What is expected — The lines wanted are those from the one containing "All AquaTex™ AWP" to the last line of the entries below; output them exactly, leaving out pictures.

Input material —

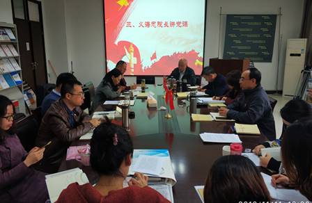 院长义海忠结合学院工作情况与自身教学经历以思政进课堂为主题讲授党课。他指出要结合党的历史发展和初心使命,充分发挥新葡的京四个学科的学科优势,借助教学工作平台将思政教育融入课堂教学,强调教师要端正认识,自愿自觉,主动在教学工作中引入思政教育内容,将思政进课堂落在实处。
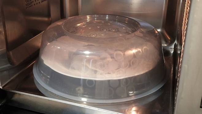 전자레인지에 넣고 뚜껑으로 덮거나 랩으로 씌워 놓으세요. 그래야 수분이 도망가지 않고 맛있는 밤을 찔 수 있게 해 준답니다.
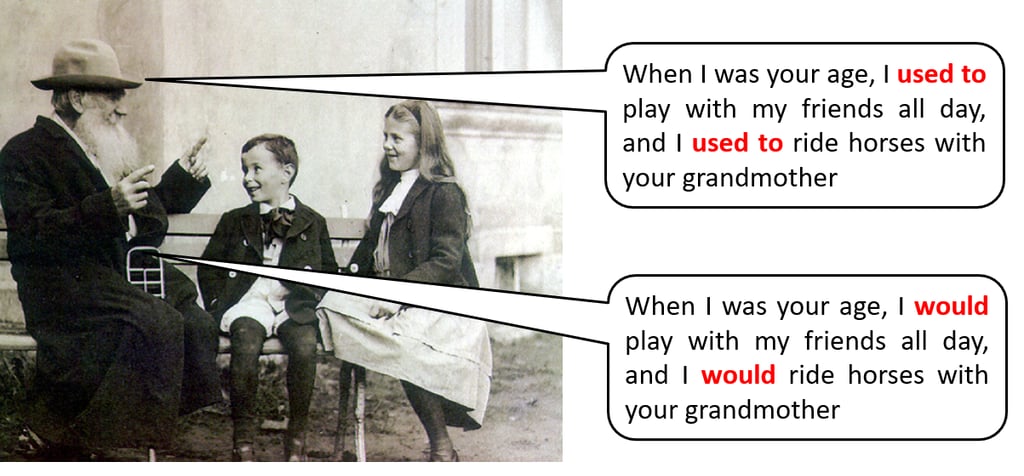· The two sentences from the picture are equivalent (Remember you can't use WOULD with past repeated actions with non-action verbs, for example, we don't say "When I was young, I would live in Hermosillo", we say "When I was young we used to live in Hermosillo)
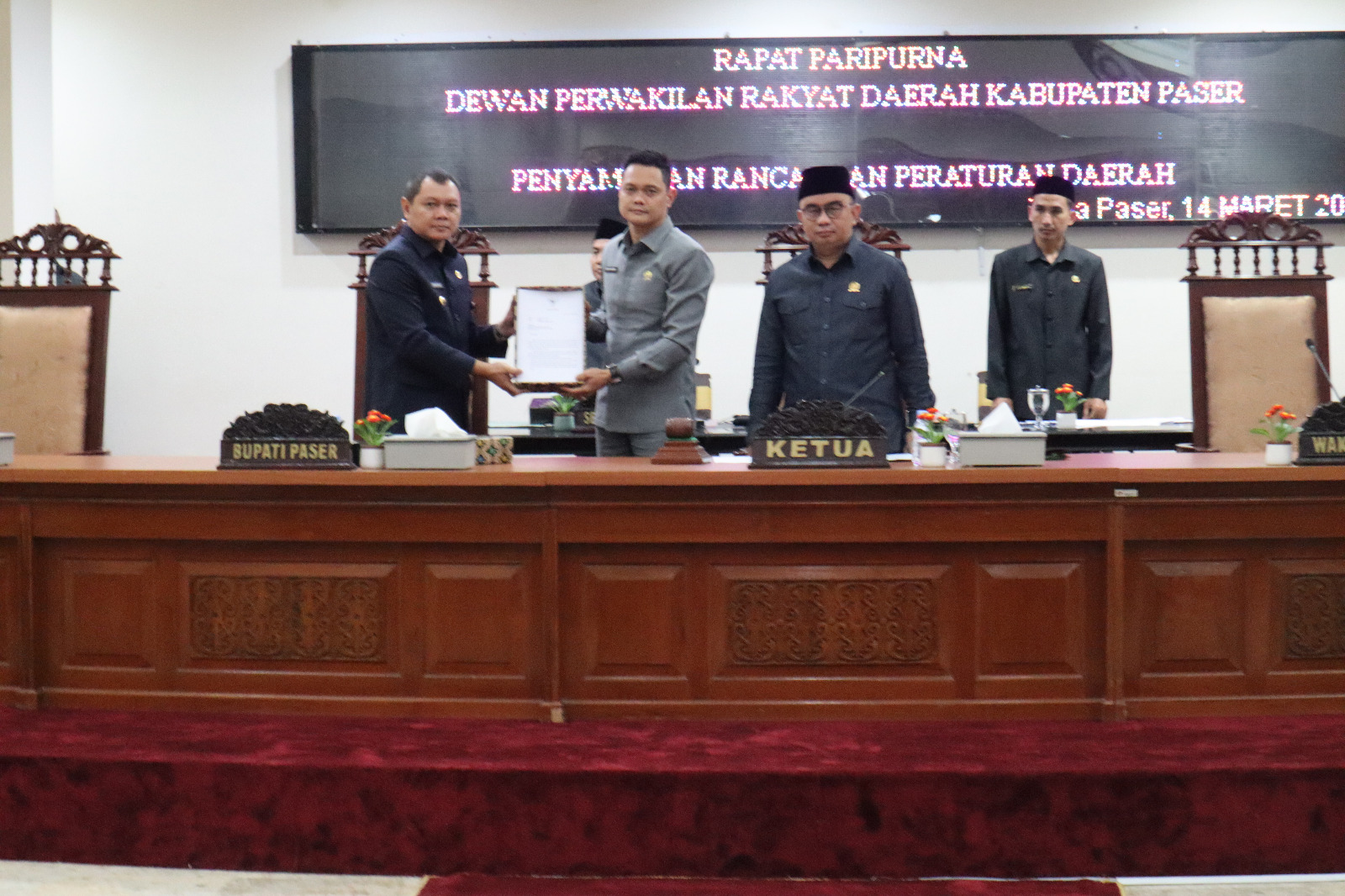 Kaltimkita.com - TANA PASER - Rapat paripurna DPRD Paser berupa agenda penyampaian rancangan peraturan daerah (raperda) oleh Pemkab Paser sebanyak empat raperda, dipertanyakan dan disampaikan pandangan oleh tiap Fraksi di DPRD Paser.
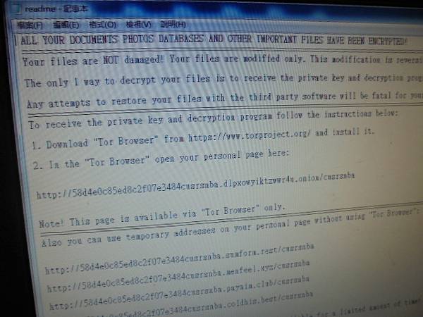 【判定問題】WD威騰160GB~同事的組裝桌上型電腦3.5吋SATA資料碟→中了勒索病毒副檔名被加註.cusrsnba~部份文件檔案被加密無法開啟→要救回重要的Word檔案~點選開啟readme記事本→新北市板橋區-陳先生【勒索病毒相關資訊均列於文字檔內】
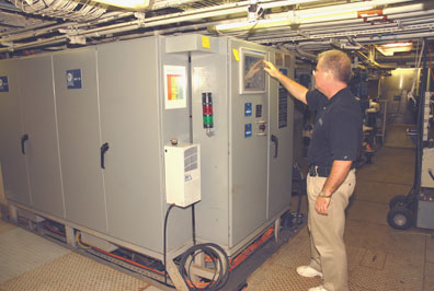 All AquaTex™ AWP Systems are fully automated using an Allen-Bradley Programmable Logic Controller (PLC). The PLC is equipped with modem or Ethernet internet connectivity for reach-back monitoring of off ship system performance. This enables WRI specialists to ensure continued reliable service of the system and predict and trouble shoot operational issues.
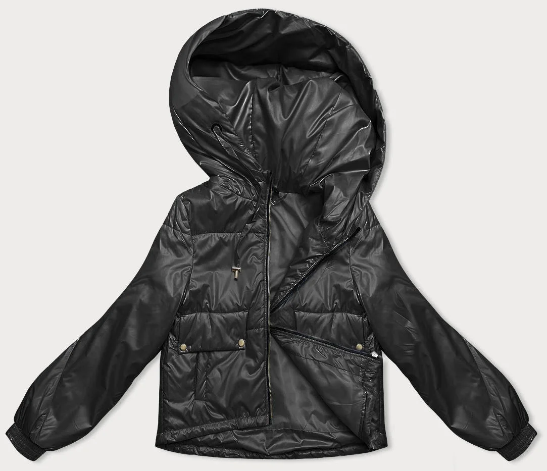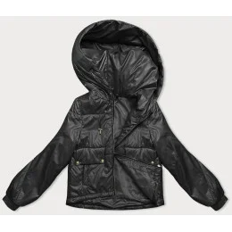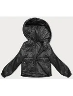 Krátká černá dámská bunda s kapucí (B8216-1)
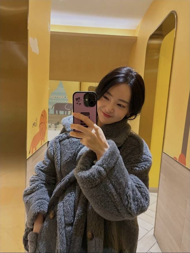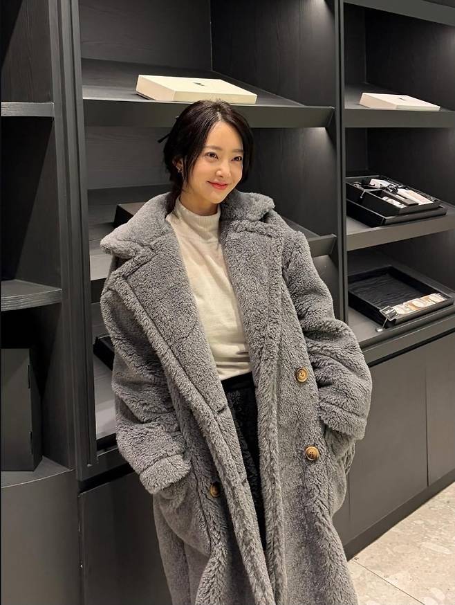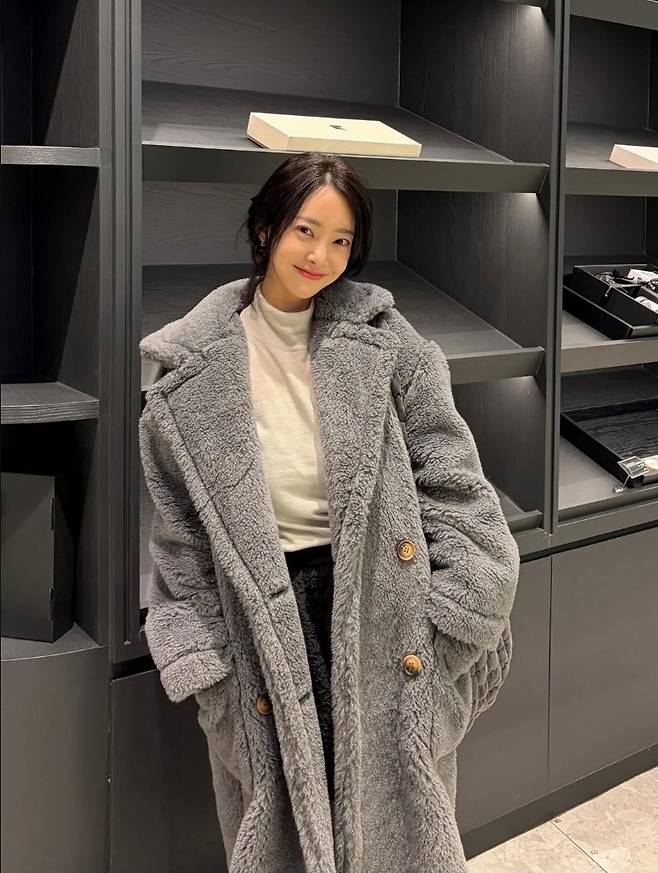 안이서는 묵직하게 떨어지는 그레이 테디 퍼 코트를 아우터로 선택해 보온성과 존재감을 동시에 잡았고, 안에는 베이지 톤의 하이넥 니트를 매치해 얼굴빛을 환하게 살리면서도 톤을 부드럽게 정돈했습니다.
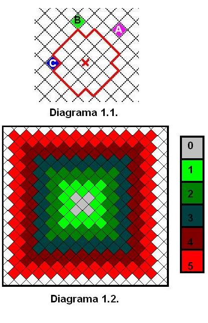 Si asociamos un color a cada valor de la distancia en cada casilla obtendríamos un dibujo como el del Diagrama 1.2.
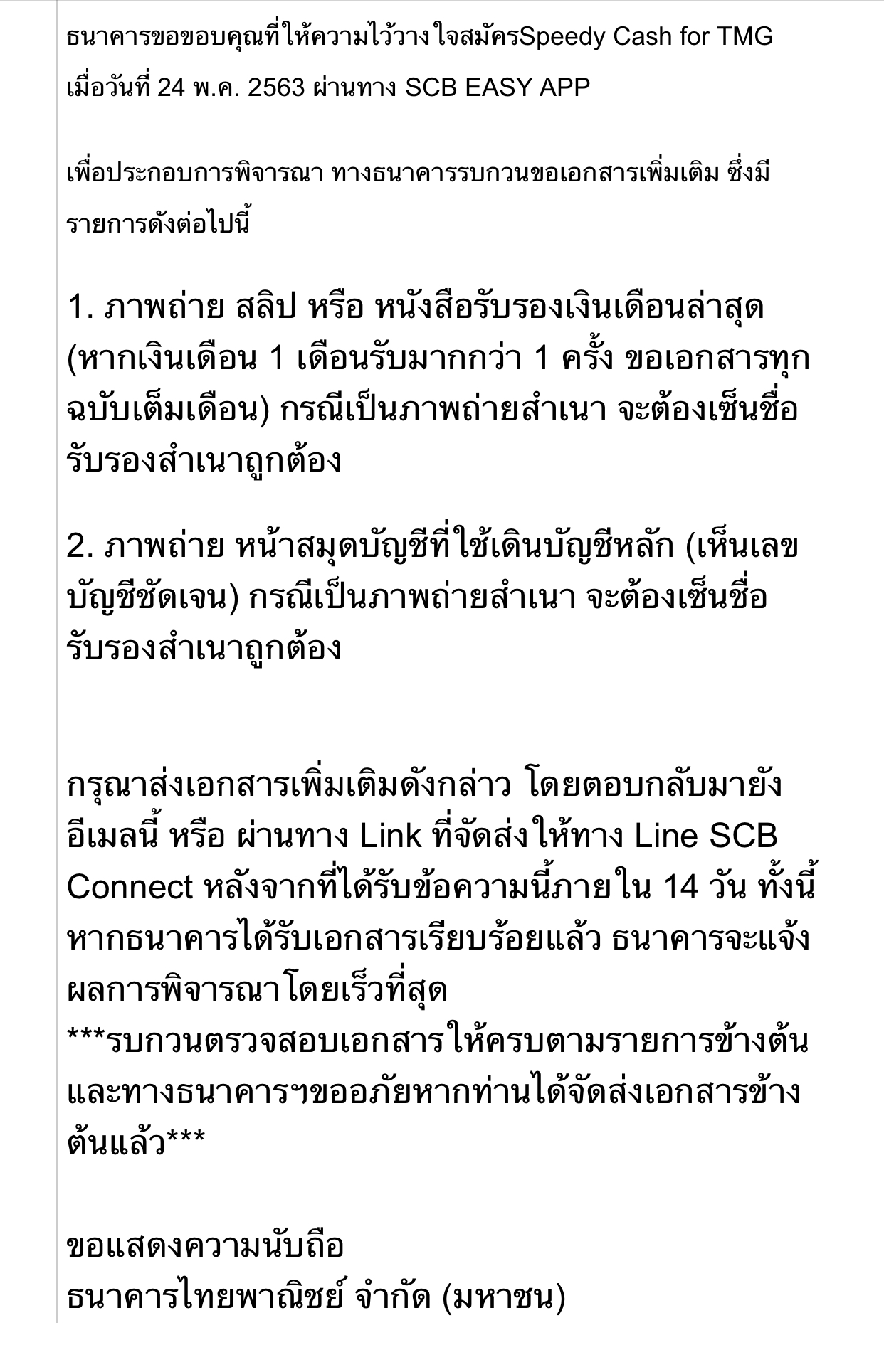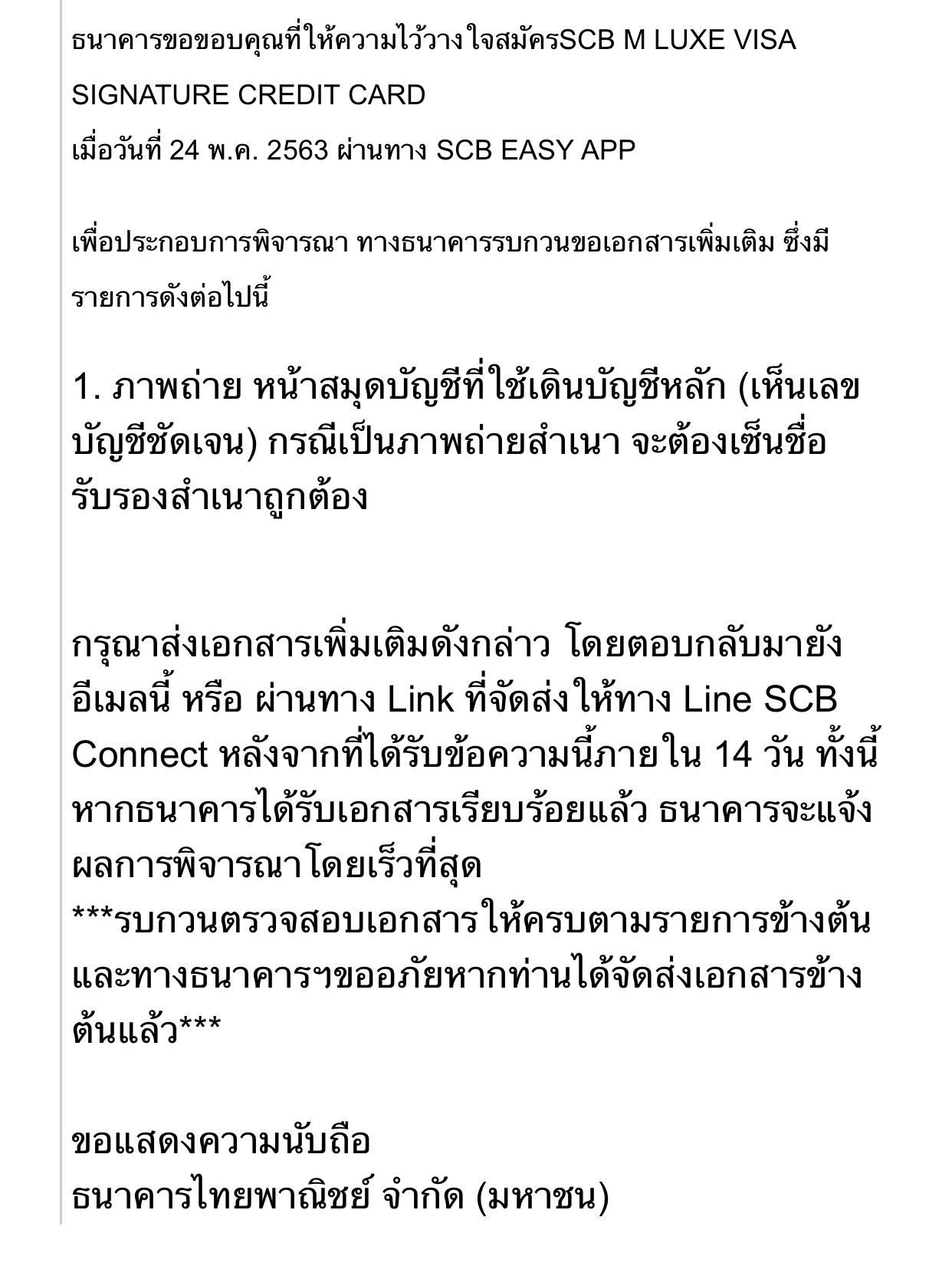 เราสมัครบัตร SCB M Luxe ทางแอพไป ได้เมลล์ตอบกลับให้ส่งเอกสารเพิ่มเติม แบบนี้ผ่านไหมค่ะ

Solution to the exercise —
 All AquaTex™ AWP Systems are fully automated using an Allen-Bradley Programmable Logic Controller (PLC). The PLC is equipped with modem or Ethernet internet connectivity for reach-back monitoring of off ship system performance. This enables WRI specialists to ensure continued reliable service of the system and predict and trouble shoot operational issues.
 Krátká černá dámská bunda s kapucí (B8216-1)
 안이서는 묵직하게 떨어지는 그레이 테디 퍼 코트를 아우터로 선택해 보온성과 존재감을 동시에 잡았고, 안에는 베이지 톤의 하이넥 니트를 매치해 얼굴빛을 환하게 살리면서도 톤을 부드럽게 정돈했습니다.
 Si asociamos un color a cada valor de la distancia en cada casilla obtendríamos un dibujo como el del Diagrama 1.2.
 เราสมัครบัตร SCB M Luxe ทางแอพไป ได้เมลล์ตอบกลับให้ส่งเอกสารเพิ่มเติม แบบนี้ผ่านไหมค่ะ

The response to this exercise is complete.